Снег зимой на Ольхоне лежит лишь в лесах на севере-востоке острова да в горных распадках, с равнин и холмов его сдувают никогда не прекращающиеся ветра с красивыми экзотическими именами. С юга – Култук, из Сарминского ущелья Малого моря – Сарма, с бурятского, восточного берега – Баргузин, вдоль всего моря с крайнего севера дует Ангара.
Вокруг красно-коричневая, местами желтоватая земля, покрытая сплошь подрагивающим сухостоем прошлогодней травы – ковыль да бледная степная полынь в основном. Кое-где на холмах одинокие деревья, часто реликтовая лиственница или раскидистая, издали похожая на лиственное дерево сосна.
Слева и справа в отдалении громоздились заснеженные невысокие скалы, а прямо впереди за широкой полосой байкальского льда просматривалась горная гряда противоположного, материкового берега Малого моря.
И все это под ослепительным солнцем в мутновато-синем, живом небе.
При видимой горной ограниченности пространства создавалось ощущение широты и беспредельности. Как это возможно на острове, одним только этим указывающем на границы сред, не знаю. Но – было.
– Давай-ка чаек вскипятим перед работой, – предложил Григорий Сергеев.

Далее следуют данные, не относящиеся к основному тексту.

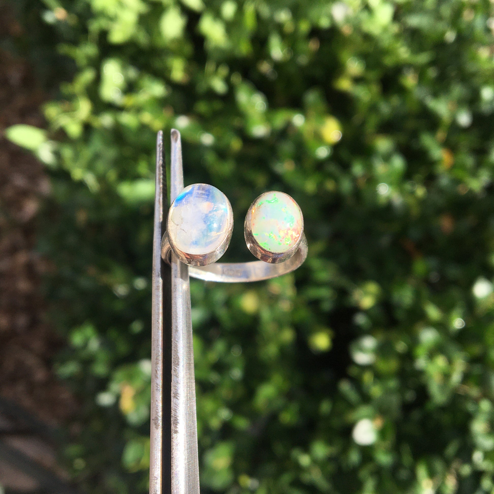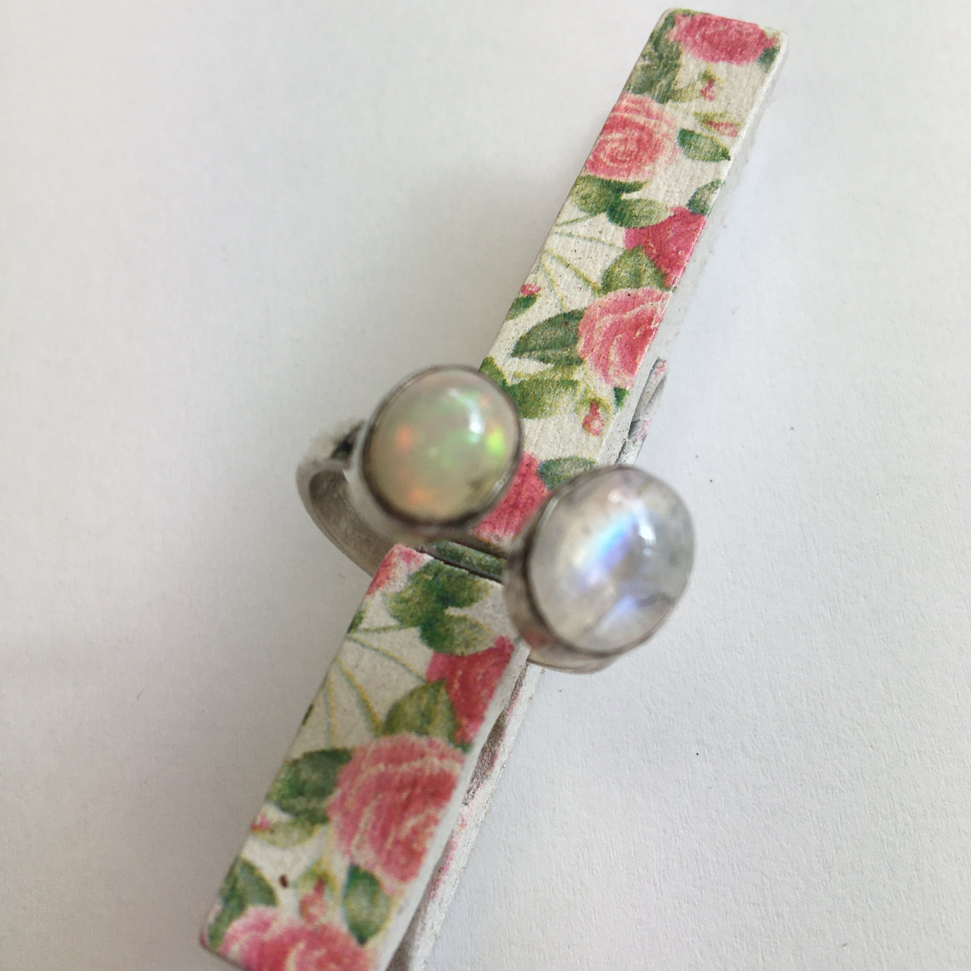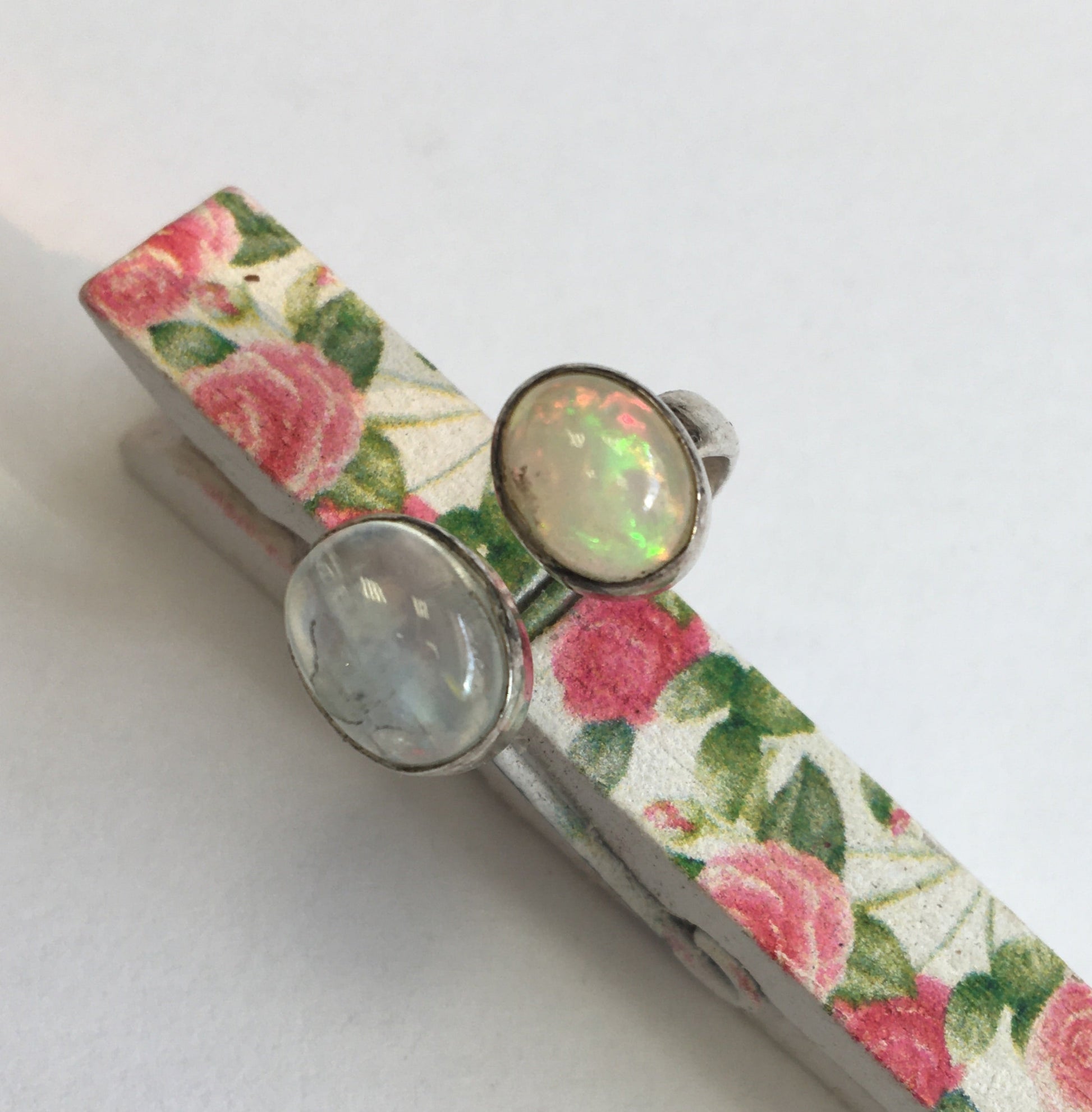 Bague en opale et pierre de lune, cabochons sertis sur anneau en Argent 0.925 ! Taille réglable d'environ 50 à 60 Fr !

– Костер разводить? – спросил я.
– Зачем? Печка есть. Это же обычный жилой дом, – ответил Григорий и добавил, поднимаясь по ступеням крыльца: – Лет пятнадцать назад был.
Я прошел следом.
Печка точно была – русская, почти посредине единственной комнаты, чуть смещена влево. Но кирпичи расшатались, глина меж ними вывалилась, а под верхней чугунной плитой щели были местами аж в два пальца. Впрочем, все необходимые причиндалы присутствовали – заслонка и обе дверцы. Покуда печь хорошо не разгорится и не прогреется, дымить будет так, что угореть можно.
Два окна с переднего торца, выходящего на берег, четыре слева, два – с торца, где дверь, справа, где печь, – стена глухая. Окна зияли провалами рамы вместе с коробками разворовали.
На полу мусор, но, к счастью, без традиционных в заброшенных домах кучек высохших человеческих экскрементов. И на том спасибо.
У стены стояла фанерная тумбочка, которая, видимо, использовалась как стол. На ней – порожняя бутылка водки, импровизированная пепельница – баночка из-под кильки в томате с окурком «беломора» и объедки на газете, не поддающиеся идентификации.
Справа в дальнем углу – сколоченный из доски широкий настил в полметра высотой.
– Небогатая обстановка, – констатировал я, осмотревшись.
– Зато крыша над головой. – Григорий кивнул на дощатое сооружение. – Здесь рыбаки ночуют, когда омуль идет.
– Где рыбаки? Я слышал, их здесь весной на льду, как блох на собаке.
Григорий пожал плечами:
– Не было в этом году рыбы, нет и рыбаков.
– А куда девалась?
– По всему Байкалу не было. Может, омуль так на аномально теплую погоду среагировал, черт знает?
Он присел на корточки у печки, стал собирать разбросанную щепу. Рядом лежало несколько обрезков доски. Вот куда забор девается.
– Я за дровами.
Григорий не ответил – скрипел печными дверцами, проверял заслонку…
Сперва я собрал деревянный и бумажный мусор вокруг дома. Все равно художник-постановщик сказал, что территорию придется чистить, чтобы не попали в кадр XIX века, скажем, пустая пачка из-под «Примы» или пластиковая бутылка.
Завалив пол у ног Григория мусором для растопки, я пошел за нормальными дровами, а заодно и осмотреться.
В прошлогодней траве на красноватой почве белели кости. В десятке шагов от крыльца я обнаружил большой продолговатый череп лошади. Звали меня не Олег, конь был не мой, стихов я не любил, а потому не больно испугался.
Меж зубов проросла трава, кто-то шандарахнул череп сверху валуном, лежащим рядом, – проломил посередине. Мелкие осколки провалились внутрь.
Поодаль еще один череп – большой, рогатый, вероятно коровий. Вырванный с корнем рог в паре шагов, другой – аккуратно спилен. Кем? Зачем?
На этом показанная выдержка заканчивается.